Results are summarized in Tables 1 and 2. The LUT method tends to provide better results, as measured by the comparative index, considering a mix of accuracy and power consumption. This result holds especially when the LUT method is compared to a fixed maximum tension mode where \(f_\mathrm{min}\) equals the maximum value provided by the LUT. In this case, the LUT method yields comparable accuracy with less power consumption with respect to the fixed mode. The greatest difference is obtained with CTC1 (simplest control).

When compared to fixed modes with reduced constant tension, the LUT mode performs better in terms of accuracy, but yields greater power consumption. In such cases, the comparative index may be close to one or even smaller than one. The latter case indicates that the relative (percentage) benefit in terms of accuracy is smaller than the increase in power consumption.

Table 1 Comparison of LUT and fixed minimum tension with different references and CTC1
Table 2 Comparison of LUT and fixed minimum tension with different references and CTC2
Fig. 5
figure 5

Prediction of cable tension estimation for constant minimum value and look up table

Figure 5 shows the plots of power consumption versus variance of position error for all testing conditions. Each plot refers to a specific CTC and frequency condition, and renders in blue the three fixed modes, in red the LUT mode. Blue points are connected with lines to highlight the trend. The plots in Fig. 5 indicate that an increase in accuracy is usually obtained through greater power consumption. They also show that the LUT method tends to stay below the trend of the fixed modes, although further testing is needed to verify if this holds also for different settings of the LUT.

4 Conclusion

In this paper, a dynamic minimum tension control for cable-driven robots was proposed and tested on a simplified scenario. This method is based on changing the minimum tension of cables according to the dynamics of the system.
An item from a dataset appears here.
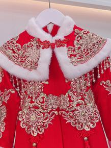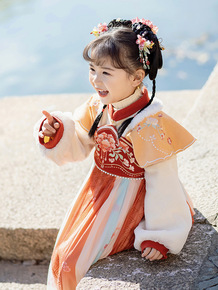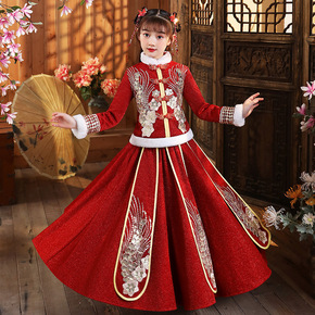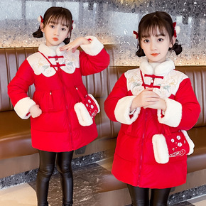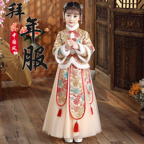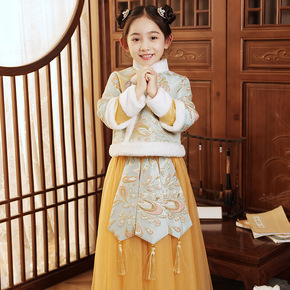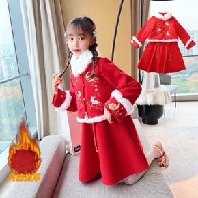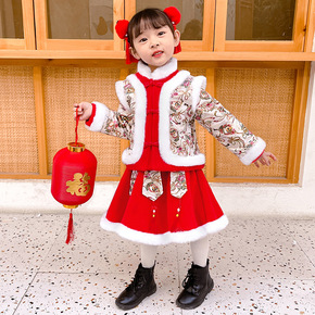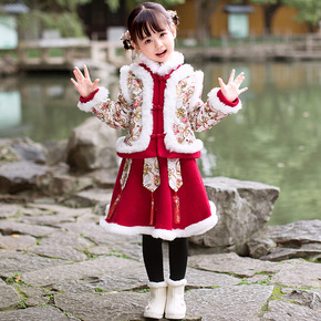 汉服女童冬装新年喜庆衣服中大儿童中国风加绒唐装女孩...
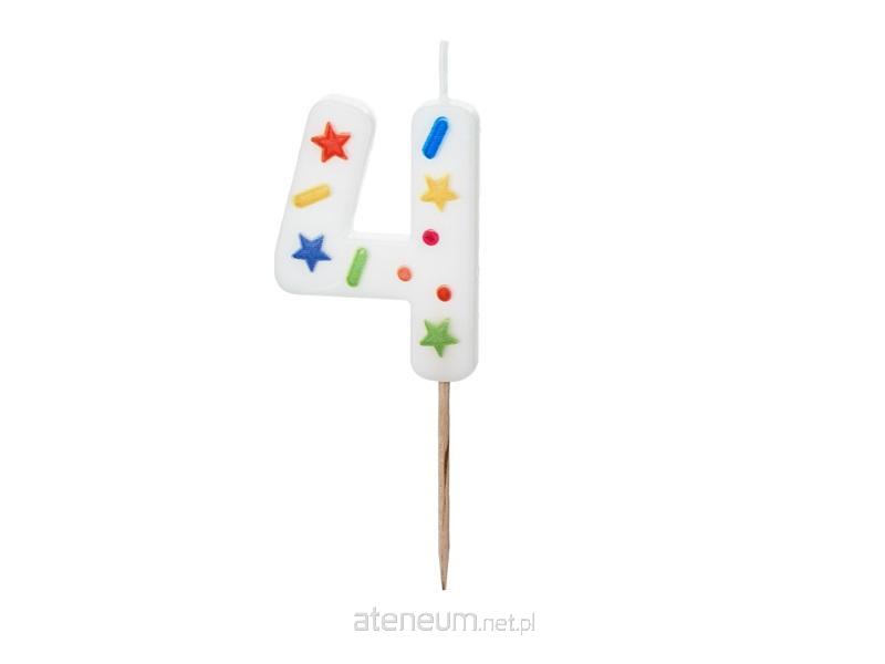 Świeczka urodzinowa Cyfra 4 w kolorze białym z konfetti na drewnianym patyczku, wysokość cyfry ok. 5.5 cm, wysokość całkowita ok. 10 cm.

In particular, minimum cable tension is reduced when the end-effector wrench is large, with the aim of avoiding saturation of actuators and limiting power consumtion.

First experimental results show that this approach yields large benefits in terms of power consumption, although a reduction in accuracy is observed, especially with slow reference. When compared to fixed minimum tension modes with smaller minimum tension, the DMTC control performs comparably to the fixed modes, except when the fixed value becomes extremely small.

One limitation of this study is that the experimental setup included a single-dof system, so further testing is needed to verify if the DMTC concept can be applied succesfully in more complex contexts. Moreover, our system had a quite high friction, due to the coupling of the slider, which may have influenced results, and which is not usually present in cable-driven parallel robots. On the other hand, this setting allowed for precise measurement of end-effector motion. Finally, further investigation is needed to tune LUT parameters with the aim of obtaining the best trade-off between acuracy and power consumption.